The second objection to the probate of the testament is more technical. Plaintiff argues that Mr. Tournier, in his testimony, failed to identify the signature as being that of the decedent. LSA-C.C.P. art. 2887, the governing statute, reads as follows:
"A testament confected in accordance with R.S. 9:2442 must be proved by the testimony of the notary and one of the subscribing witnesses, or of two of these witnesses, that it was signed by the testator. If only the notary, or only one of these witnesses is living in the state and can be located, his testimony that the testament was signed by the testator will be sufficient.
"If the notary and all of the subscribing witnesses are dead, absent from the state, or cannot be located, the testament may be proved by the testimony of two credible witnesses who recognize the signature of the testator, or of the notary, or the signatures of two of the subscribing witnesses."
It should be noted that the testament was proven and ordered probated prior to the enactment of Act 475 of 1970, which amended LSA-C.C.P. art. 2887. The amendment does not alter or change the aforecited sections. The implication of the argument is that the notary and/or subscribing witnesses must recognize and identify the signature on the testament as being that of the testator. This contention cannot be maintained. Article 2887 specifically provides that subscribing witnesses need only declare that the testator signed the will in their presence. A recognition of signature is a different matter and is required only when the testament is proved by witnesses other than subscribing parties to the instrument.
The crucial issue of dispute in this matter concerns itself with the manner in which the will was confected, as opposed to either the capacity of the testatrix or the disposition of her property. Simply stated, it is whether the will was executed by the testatrix in the Parish of Orleans in the presence of the notary and two subscribing witnesses, as required by LSA-R. S. 9:2442, or if, as contended by the opponent, it was signed by the decedent in Ochsner Foundation Hospital, located in the Parish of Jefferson, in the presence of the notary public commissioned for Orleans Parish (who returned to his office before affixing his jurat and having it attested to by the subscribing witnesses).

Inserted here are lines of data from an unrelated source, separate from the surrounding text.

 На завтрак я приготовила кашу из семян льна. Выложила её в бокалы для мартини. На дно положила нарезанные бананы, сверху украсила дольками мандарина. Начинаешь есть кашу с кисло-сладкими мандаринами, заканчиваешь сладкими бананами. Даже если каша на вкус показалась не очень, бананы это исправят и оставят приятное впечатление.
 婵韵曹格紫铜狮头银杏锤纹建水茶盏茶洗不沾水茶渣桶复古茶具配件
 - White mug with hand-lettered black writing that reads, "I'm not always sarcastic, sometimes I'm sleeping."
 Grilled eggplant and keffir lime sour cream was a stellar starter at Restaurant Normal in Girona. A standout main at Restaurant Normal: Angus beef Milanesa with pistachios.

The plaintiff has introduced hospital records and the testimony of hospital nurses, all offered to prove it unlikely that Annie Staggers could or would have left the hospital and traveled to New Orleans in order to execute the testament. As a proposition in abstract logic this may be so.

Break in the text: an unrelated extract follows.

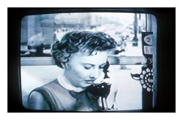Christian Marclay (*1955), Videostill auf einem Fernseher: Telephones, 1995,

The weight of the direct evidence however (the evidence offered to prove what actually happened) is to the contrary. Mr. Tournier testified unequivocally that the will was executed in his office in Orleans Parish in his presence and in the presence of the two witnesses required by law. One of the witnesses, Erma Metrejean (Mrs. Douglas Youngblood), was reached through interrogatories and she substantiates Tournier's evidence.